HDFC has initiated discussions for a possible acquisition of Apollo Munich Health Insurance after India’s largest mortgage company raised capital to pursue an inorganic growth strategy, people directly aware of the matter said.
HDFC, one of the contenders for buying Start Health and Allied Insurance, has shifted focus to Apollo, which incidentally has a common joint venture partner with HDFC. Ergo, which is the mortgage giant’s joint venture partner, is part of the Munich Re group. In January 2017, Munich Re had announced transferring the primary health business to Ergo.
Apollo holds 51% in the joint venture with Munich Re holding the remaining 49%. Top HDFC officials have had multiple meetings with members of the Apollo family to discuss a potential a stake purchase, which is still in the preliminary stages.
The deal under discussions is essentially a bilateral one with no other suitor in the fray currently, sources added. If talks fructify, the transaction may be structured as a merger with Apollo retaining a stake in the combine.
Neither HDFC nor HDFC Ergo responded to emailed queries. Apollo Munich CEO Antony Jacob said, “As a company policy, we do not comment on market speculation or regarding shareholder matters. In my individual capacity as CEO of the firm, I would like to say that Apollo’s commitment and continued interest in the business is intrinsic to the growth and market leadership we enjoy in the health insurance industry.”
Promoters of Apollo group, which operates the country’s largest private healthcare chain, have an active interest in the health insurer. While Prathap C Reddy is the chairman, his daughters Suneeta Reddy and Shobana Kamineni are directors. Paid-up capital of Rs 358 crore and reserves of Rs 259 crore. The company has written gross premium of Rs 993 crore for the first nine months of the current fiscal.

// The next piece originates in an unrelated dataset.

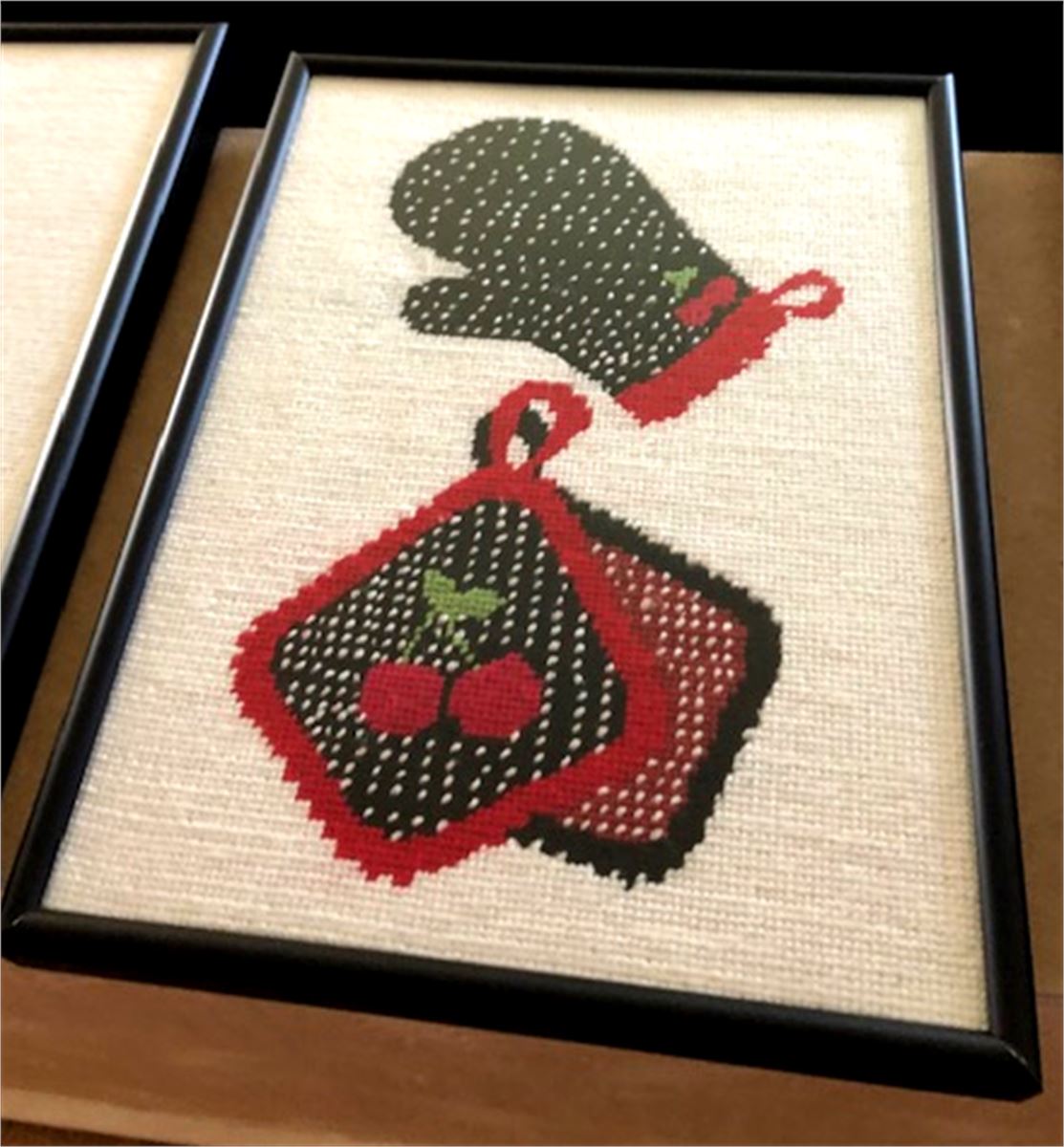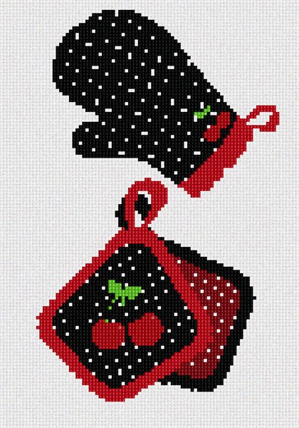 Polka dot oven mitts for mom's kitchen with cherries for decor.

The domestic health insurance space is witnessing some M&A activity with the country’s first standalone health insurer Star Health running a sale process, which had attracted interests from a clutch of private equity investors and strategic suitors such as HDFC and ICICI Lombard among others. Last year, another healthcare service provider Manipal purchased the stake of the Indian partner in the health insurance JV TTK Cigna. ICICI Lombard also emerged as the first non-linear insurer to go out LIC with a market capitalization of around Rs 37,000 crore.